Pull request overview

This PR adds a virtual memory-based allocator to replace the simple torch.empty-based heap allocation in Iris. The implementation uses HIP's vmem APIs to provide better control over GPU memory management and enables DMA-BUF IPC for multi-process memory sharing.

Changes:

Introduces C++/HIP virtual memory allocator with pybind11 bindings
Replaces simple heap allocation with sophisticated vmem-based allocation supporting free list reuse
Adds DMA-BUF file descriptor passing infrastructure for multi-process GPU memory sharing

Reviewed changes

Copilot reviewed 11 out of 12 changed files in this pull request and generated 20 comments.

Show a summary per file

File	Description
setup.py	Adds CMake build infrastructure for C++ extension
pyproject.toml	Adds CMake as build dependency
iris/iris.py	Integrates vmem allocator, replaces memory_pool with vmem_allocators, adds DMA-BUF sharing
iris/hip.py	Adds DMA-BUF export/import functions (currently unused)
iris/gpu_array_wrapper.py	New wrapper class exposing cuda_array_interface for vmem allocations
iris/fd_passing.py	New Unix domain socket utilities for file descriptor passing via SCM_RIGHTS
csrc/src/bindings.cpp	pybind11 bindings for vmem allocator
csrc/include/vmem_allocator.hpp	Core C++ virtual memory allocator implementation
csrc/include/gpu_array.hpp	GPU array interface utilities (appears unused)
cmake/CPM.cmake	CMake package manager for dependencies
.gitignore	Adds build artifacts and socket files to ignore list
.devcontainer/devcontainer.json	Changes remote user to root, removes features section

Copilot · 2026-01-19T04:02:42Z

iris/gpu_array_wrapper.py

+        return {
+            'version': 3,
+            'shape': self._shape,
+            'typestr': self._dtype_map[self._dtype_str],


If dtype_str is not in the _dtype_map, accessing cuda_array_interface will raise a KeyError with no helpful context. Add validation in init or provide a more informative error message when an unsupported dtype is encountered.

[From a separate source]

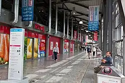 The station building was renovated from 1998 to 2002, requiring intensive conservation. The 94 metres long and 34 metres wide platform area has ten platform tracks and was renewed in 2005–2008 for approximately €31 million.[8] Lifts were installed on the passenger overpass over the platforms to connect with the platforms below, supplementing the stairs, so that the station was accessible for the handicapped for the first time. The elevated platform overpass was extended to accommodate a shopping centre in 2000 with finance from the city of Darmstadt; this also allows access to the district to the west, which is the location of the seat of the European Space Operations Centre, among other things.
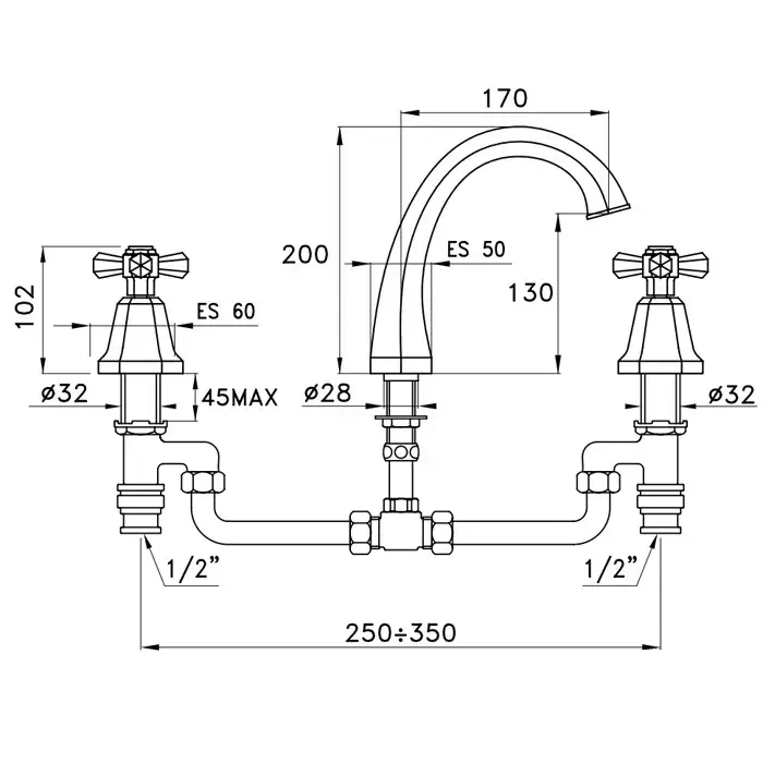 Stella Eccelsa Смеситель на борт ванны на 3 отверстия 3255, цвет хром EC 02306 CR00

Copilot · 2026-01-19T04:02:42Z

iris/iris.py

+                if peer_offset != offset or peer_size != int(size):
+                    self.warning(
+                        f"Offset/size mismatch for peer {peer}: "
+                        f"local(offset={offset}, size={int(size)}) vs "
+                        f"peer(offset={peer_offset}, size={peer_size})"
+                    )

-        if self.heap_offset + aligned_size > self.heap_size:
-            raise MemoryError("Heap out of memory")
+                # Import peer allocation into our VA at the *peer's* base+offset (remote address model).
+                peer_base = int(self.heap_bases[peer].item())
+                target_va = peer_base + peer_offset
+                self.vmem_allocators[peer].import_dmabuf_at(int(target_va), int(peer_fd), int(peer_size))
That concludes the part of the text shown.